Self-supervised local learning rules learn the hidden hierarchical structure of high-dimensional data
For computational neuroscience and biologically plausible deep learning, this work identifies which local learning rules can match backpropagation's performance on hierarchical tasks, revealing a key limitation of direct feedback approaches.
The study investigates biologically plausible local learning rules on the Random Hierarchy Model (RHM) and finds that direct feedback-based rules fail due to input-specific nonlinearities, while layerwise self-supervised contrastive/non-contrastive rules successfully learn hierarchical structure with data efficiency matching supervised backpropagation.
The brain learns abstract representations of high-dimensional sensory input, but the plasticity rules that enable such learning are unknown.
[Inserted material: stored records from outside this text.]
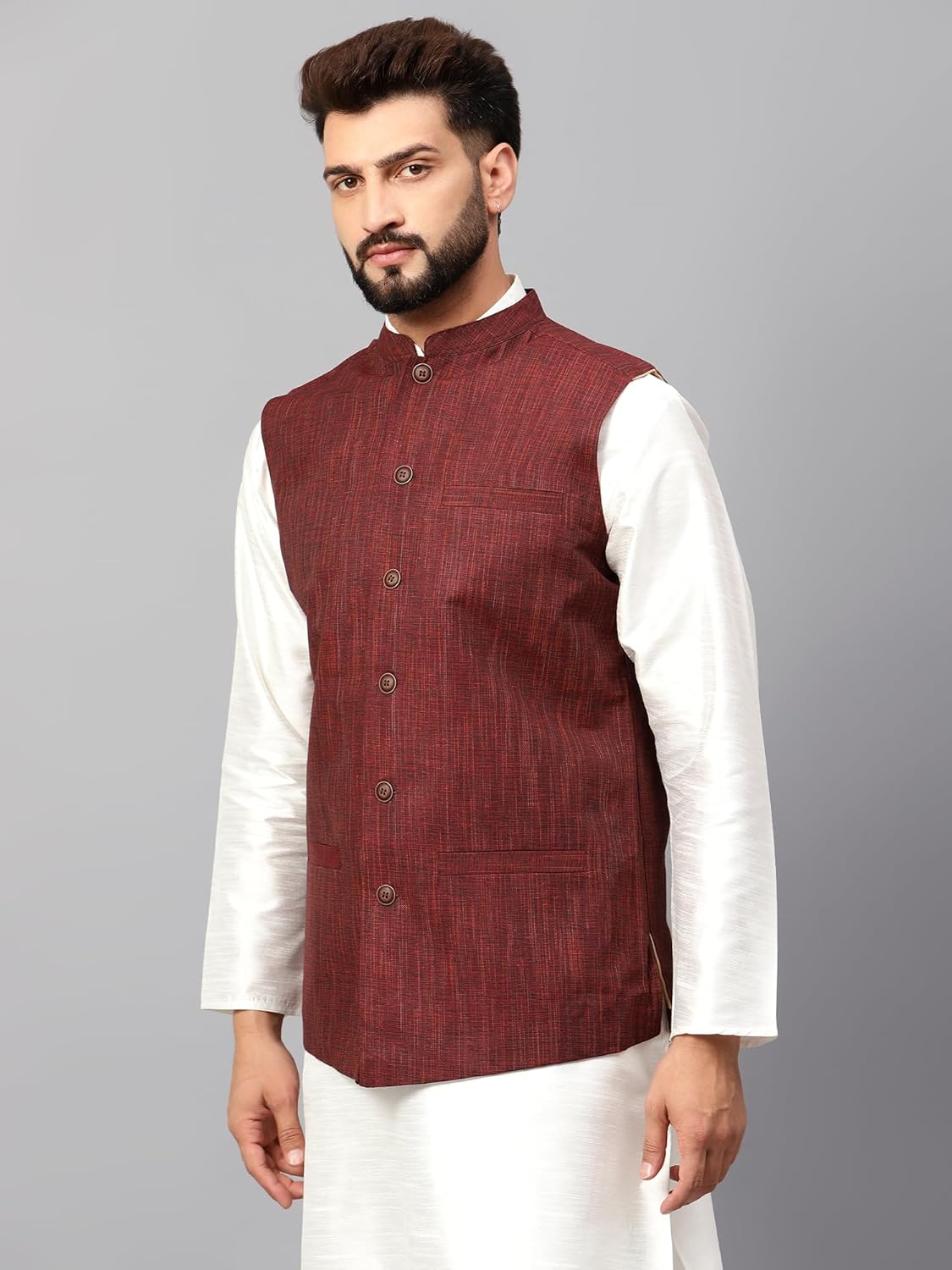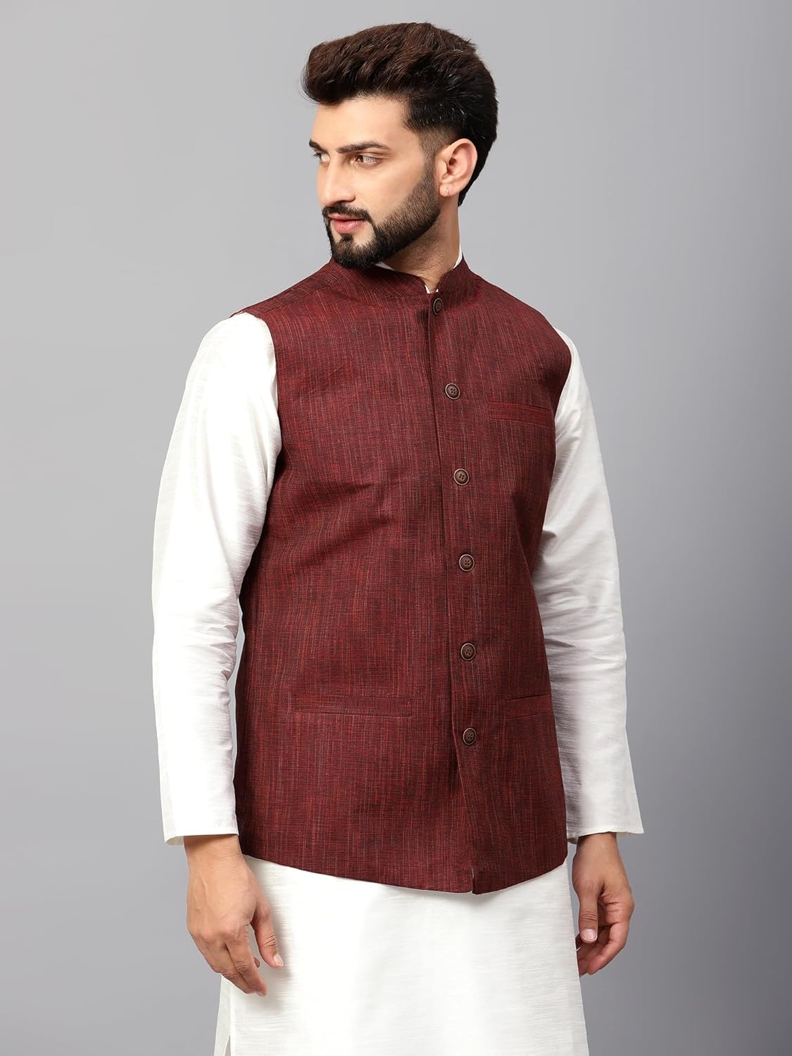 LATEST CHIKAN Men’s Traditional Cotton Solid Nehru Jacket/Waistcoat
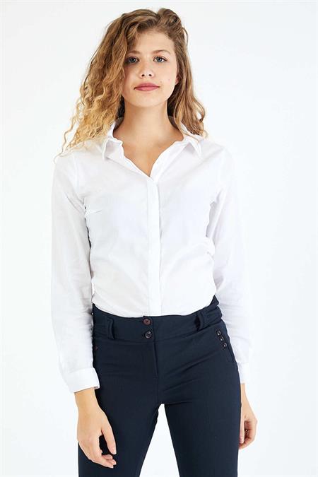 Kadın Basic Kesim Vücudu Saran Likralı Gizli Düğme Özellikli Gömlek
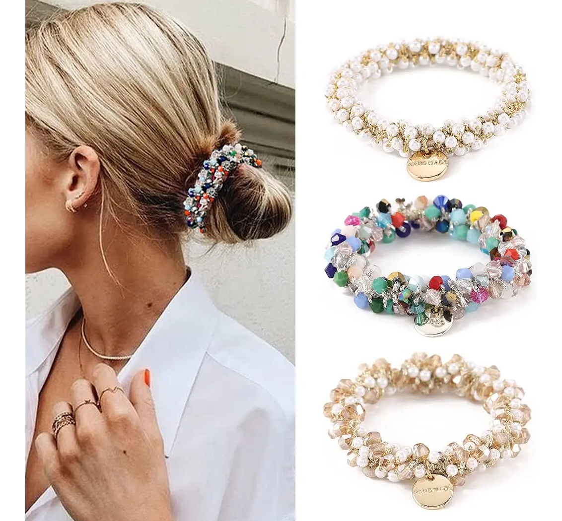 Colitas Scrunchies En Gemas Pelo Cabello Colores Multicolor
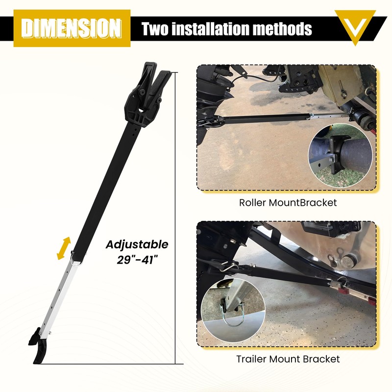 - Heavy-Duty Design: With its robust aluminum material and composite head, this product is strong enough to support outdoor motors mounted far away from the boat trailer.
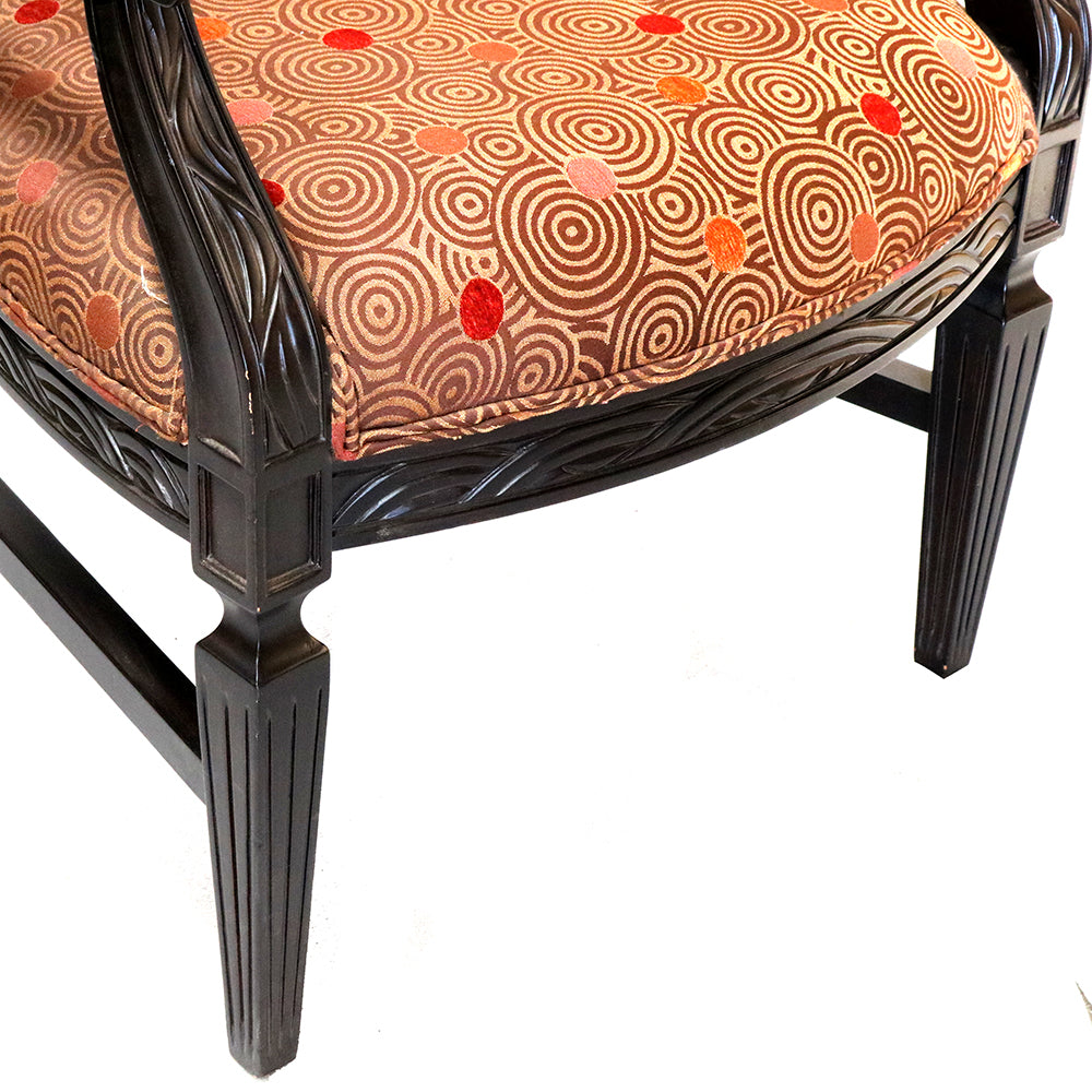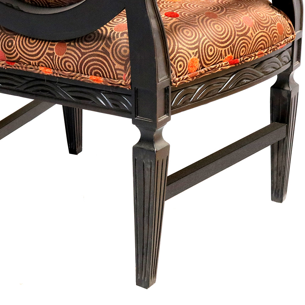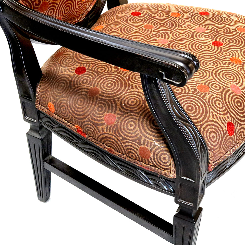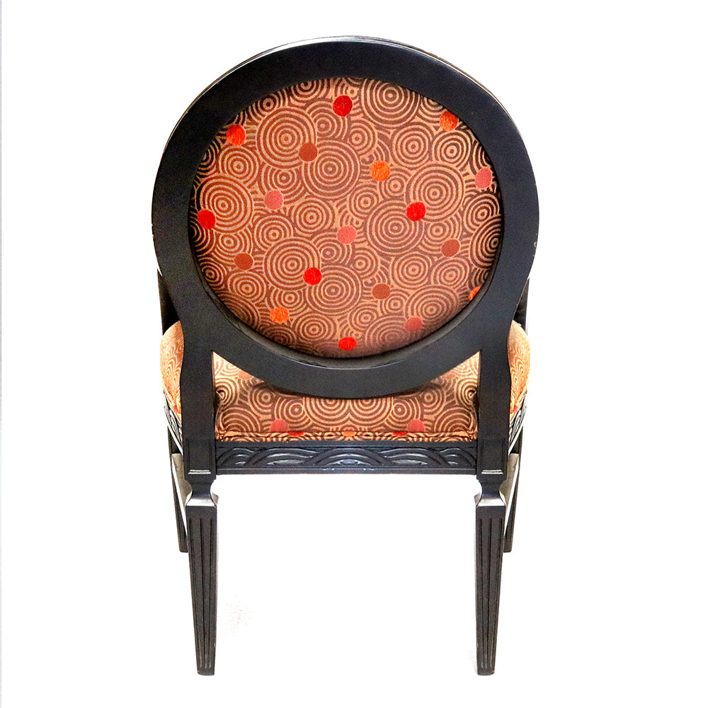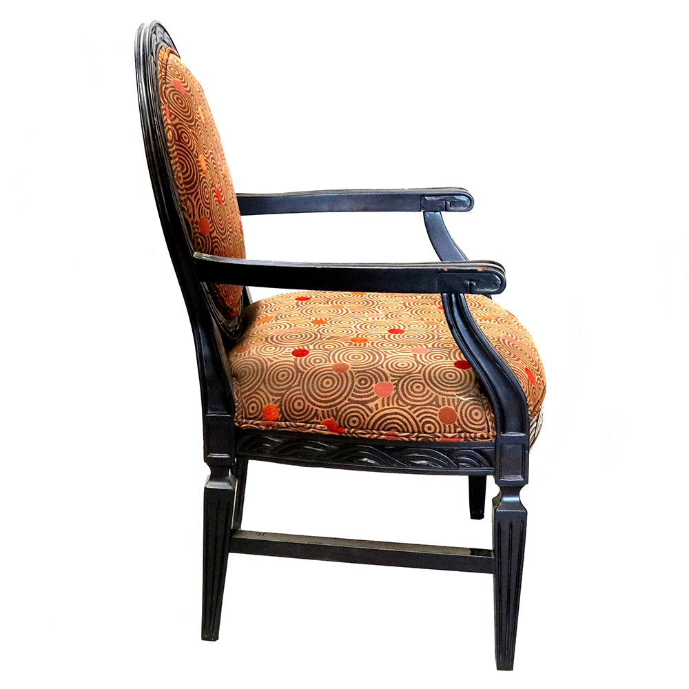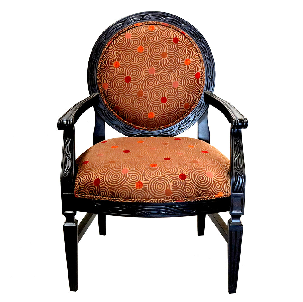 The seat and backrest are upholstered in a geometric-design fabric, providing a soft contrast against the bold black finish. The fabric offers a clean, minimalist touch, complementing the chair’s ornate frame while ensuring comfort. Its oval back design and graceful armrests bring a sense of stately grandeur, making it ideal for both formal and casual settings. This chair can be custom-made.

We study biologically plausible algorithms on the Random Hierarchy Model (RHM), an artificial dataset designed to investigate how deep neural networks learn the intrinsic hierarchical structure of high-dimensional data. We focus on two types of local learning rules that avoid both a long convergence time and the use of a symmetric error network. The first type uses direct feedback signals to approximate error propagation from the output layer. The second type uses layerwise self-supervised contrastive or non-contrastive loss functions that do not explicitly approximate errors at the output layer. We show that all rules of the first type fail to solve the tasks of the RHM and trace this failure back to input-specific nonlinearities (`masking') that are implemented in full backpropagation and are essential for learning complex tasks. However, algorithms of the second type are able to learn the hierarchical hidden structure of the RHM tasks and are as data-efficient as supervised backpropagation training, while being compatible with known rules of synaptic plasticity in cortex.